Reprocessed Siemens ACUSON AcuNav Diagnostic Ultrasound Catheters: ACUSON AcuNav Ultrasound Catheter, Use on GE Systems 10135910RH; 10043342RH ACUSON AcuNav Ultrasound Catheter, Use on Siemens Systems 10135936RH, 08255790RH

Recall Insight

This FDA Devices action (record #Z-1325-2026) was formally reported on February 18, 2026, with the manufacturer initiating the action on December 22, 2025. It is classified under Critical severity (Class I), with a current status of Ongoing. Medline Industries, LP is listed as the recalling firm, operating out of Northfield, IL. Federal records indicate 511 units are affected.

The documented reason for this recall is: These lots of reprocessed catheters may contain small particles of residual material. If affected devices are used, there is a risk of inflammatory response, systemic infection, or granulomatous reaction or thrombus rea… Distribution data in the federal record shows the product reached: Distribution US nationwide.. Distribution scope directly affects the consumer exposure window and determines whether a recall remains regional or escalates into a nationwide advisory.
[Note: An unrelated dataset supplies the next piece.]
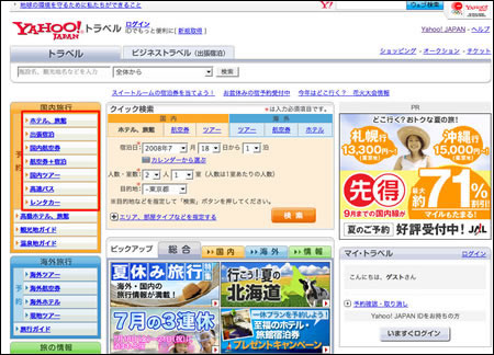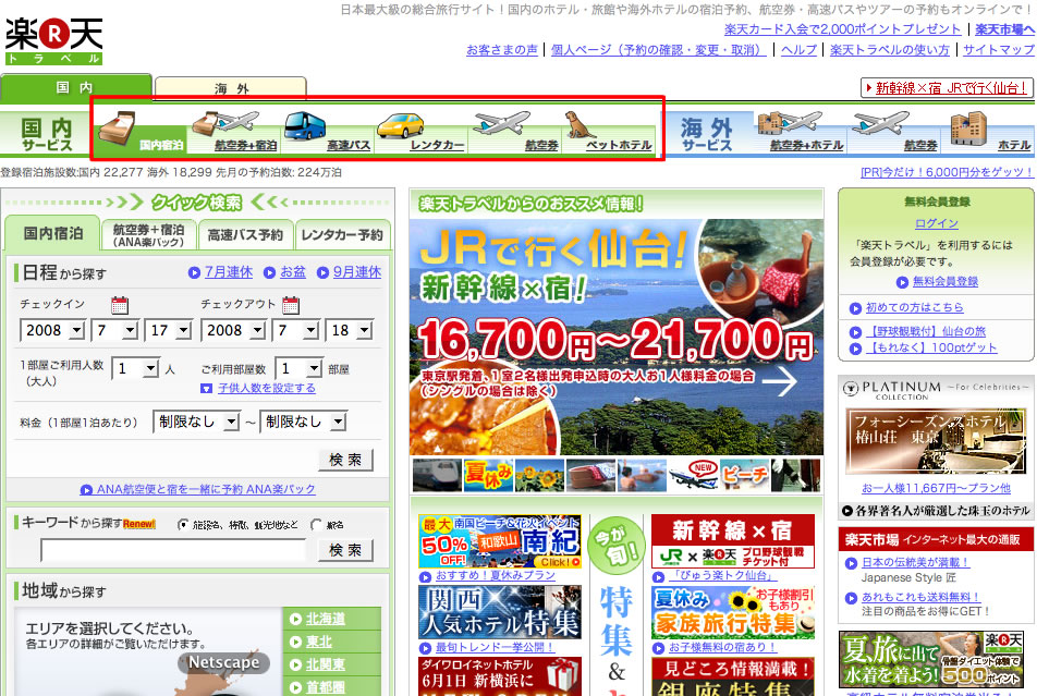 またYahoo!トラベルのナビゲーションにおいて、「航空券付きのツアーを選びたいが、どこを押したらいいのかすぐに分からなかった」というコメントが聞かれました。「国内航空券」「航空券+宿泊」「国内ツアー」など似たような文言がいくつもナビゲーションに並ぶと、ユーザーは直感的な判断が難しくなります。例えば、楽天トラベルのように文言の横にアイコンをつけることで、分かりにくさを軽減できます。

To put this record in context, PlainRecalls indexes 83,949 recalls across the FDA, CPSC, NHTSA and USDA FSIS going back to 1995. Within the same product category, the database holds 6 closely related recalls, of which 6 were also issued by FDA Devices. That clustering is a signal — repeated actions in a narrow category often indicate a systemic quality-control issue, a supplier-wide contamination, or a design defect that has propagated across product lines. Because this recall is recent, remedy windows and replacement inventory are most likely still actively available from the firm or retailer. Always cross-check the recall number against the official agency page before relying on any summary.